Global study reveals health impacts of airborne trace elements

As anyone with seasonal allergies knows, unseen airborne particles can really wreck a person’s day. Like the tree pollen that might be plaguing you this spring, small concentrations of trace elements in the air can have significant negative impacts on human health. However, unlike pollen counts and other allergy indices, which are carefully tracked and widely available, limited knowledge exists about the ambient concentrations of cancer-causing trace elements like lead and arsenic in urban areas of developing countries.

A recent effort led by Randall Martin, the Raymond R. Tucker Distinguished Professor in the McKelvey School of Engineering at Washington University in St. Louis, analyzed global ambient particulate matter (PM) to understand two of its key components, mineral dust and trace element oxides. Trace elements — such as lead and arsenic — have well-documented associations with adverse health outcomes. While dust originates from both natural sources like deserts and human activities like construction and agriculture, trace elements are predominantly emitted by human activities such as fossil fuel combustion and industrial processes.
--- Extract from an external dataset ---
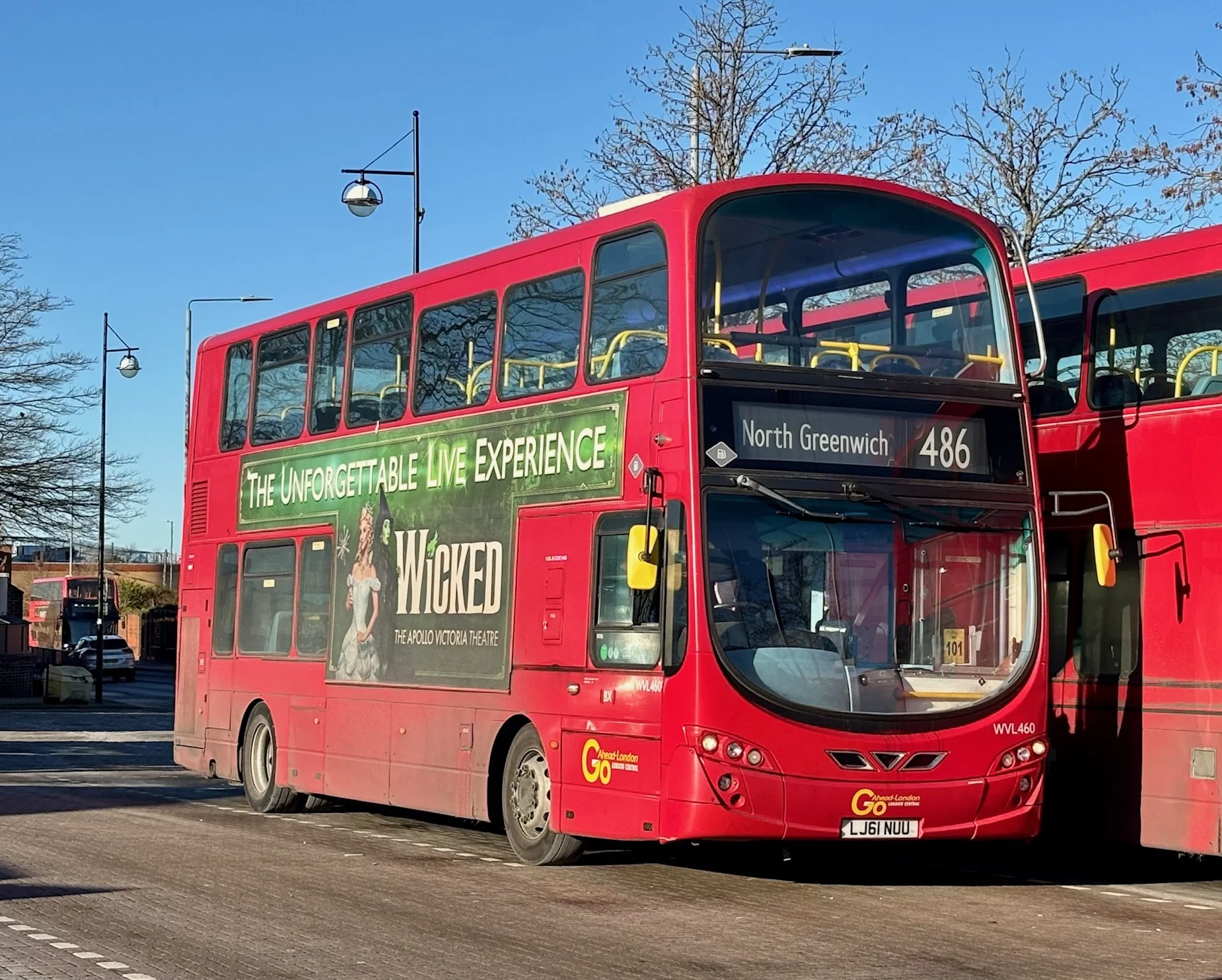 Another route expected to receive new electrics in due course upon contract renewal with GAL in February 2026 is the 486. Meantime, existing diesels continue, like Volvo B9TL WVL460 of BX Garage, seen at the Friswell Place stand in Bexleyheath.

Martin’s team, including Jay Turner, the James McKelvey Professor of Engineering Education at WashU, and Xuan Liu, a graduate student working with Martin and Turner in the Department of Energy, Environmental & Chemical Engineering, examined data collected by the Surface Particulate Matter Network (SPARTAN), the only global monitoring network that measures PM elemental composition. Their work, published March 10 in ES&T Air, produced a valuable dataset and methodology to identify regions with elevated trace elements. The findings also highlighted regions of concern in Bangladesh, India and Vietnam, which might benefit from interventions to reduce trace element emission from human activities.